Taking advantage of this opportunity, Amit and Bijoy started ‘Langer’, a takeaway food business. The food became famous because of its good quality and the standards of hygiene followed by it. Over the years, the business became very profitable.
They decided to expand the business by opening more branches in different cities. To ensure consistent food quality at all branches and to maintain hygiene and quality, they planned to import machines with advanced technology.
The cost of each machine was ₹ 12 crores. They knew
that this decision had to be taken very carefully, as it involves a huge cost,
and that the decision, once taken, is irreversible.
- Identify and state the financial decision discussed in the above paragraph.
- Explain any two factors affecting the decision identified in (i) above.
Case Study 3
Hemant, the finance manager, and Arun Chopra, the managing
director of Ghokla Ltd., were discussing the source of finance to be raised for
the modernisation of their existing plant.
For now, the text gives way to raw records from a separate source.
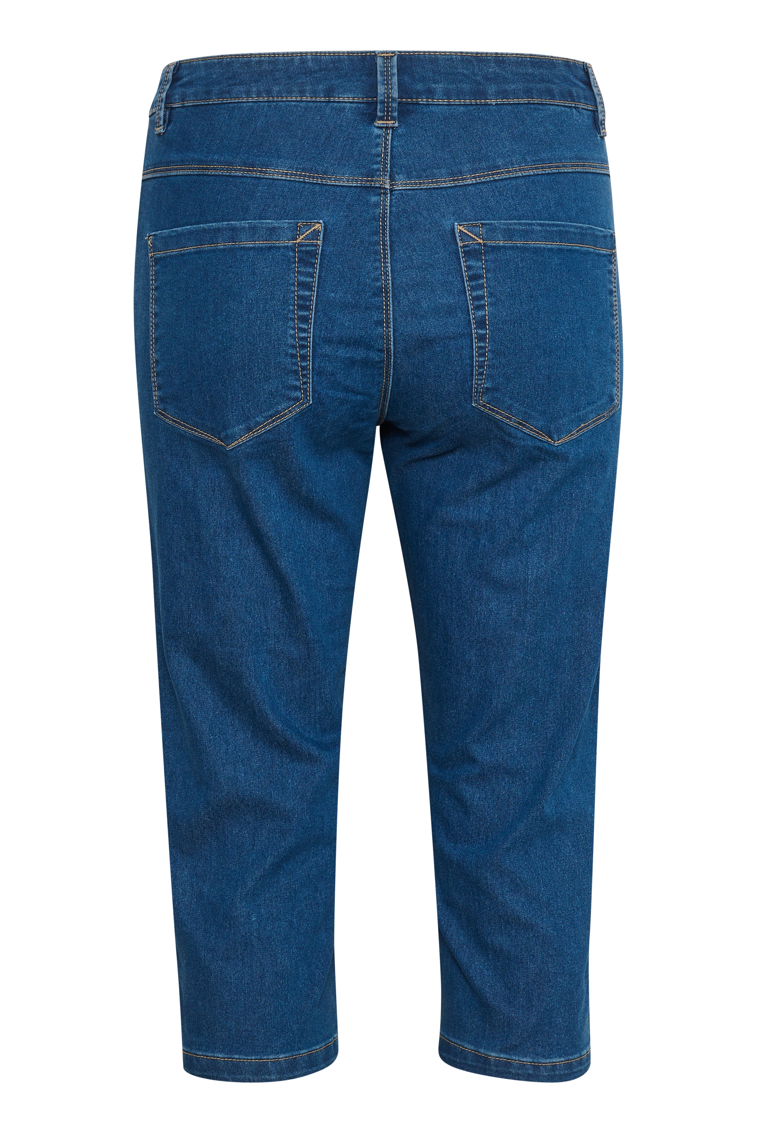 Fitted denim capris with classic five-pocket styling and contrast stitching. Made from stretchy cotton blend for optimal comfort and shape retention. Finished with belt loops and a button fly.
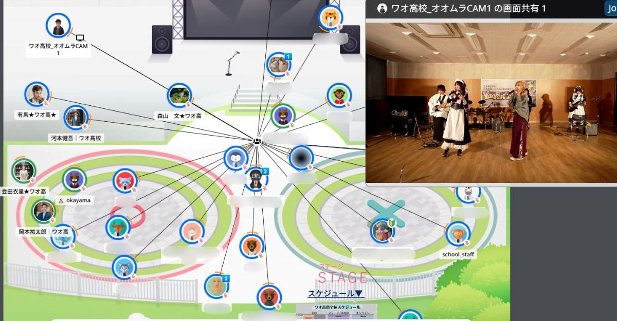 岡山本校には、全国の在校生だけでなく、在校生の保護者や高校探し中の中学生、さらにはワオ高校の卒業生も多く来校。バーチャルキャンパスでは、岡山本校のステージ発表がリアルタイムで生配信されただけでなく、オンラインならではの独自展示もオープン。PC越しでも文化祭の熱気が伝わる構成となりました。
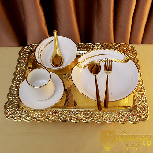 ကြေးဒေါက်ဗန်းပါ ဖန်ဆွမ်းပွဲ set

Noting that ‘Sensex’ has soared by 5078 points in the last
three years, Hemant suggests that equity should be the preferred source. Arun
Chopra wanted to consider the following factors:
- Keeping in mind the high operating costs of the company, suggest another source of finance that can be used for the modernisation of the existing plant.
- Also, explain the two factors highlighted above that should be kept in mind for taking this decision.
Case Study 4
Sunrises Ltd., dealing in readymade garments, is planning to expand its business operations in order to cater to the international market.
For this purpose, the company needs additional ₹ 80,00,000 for replacing
machines with modern machinery of higher production capacity.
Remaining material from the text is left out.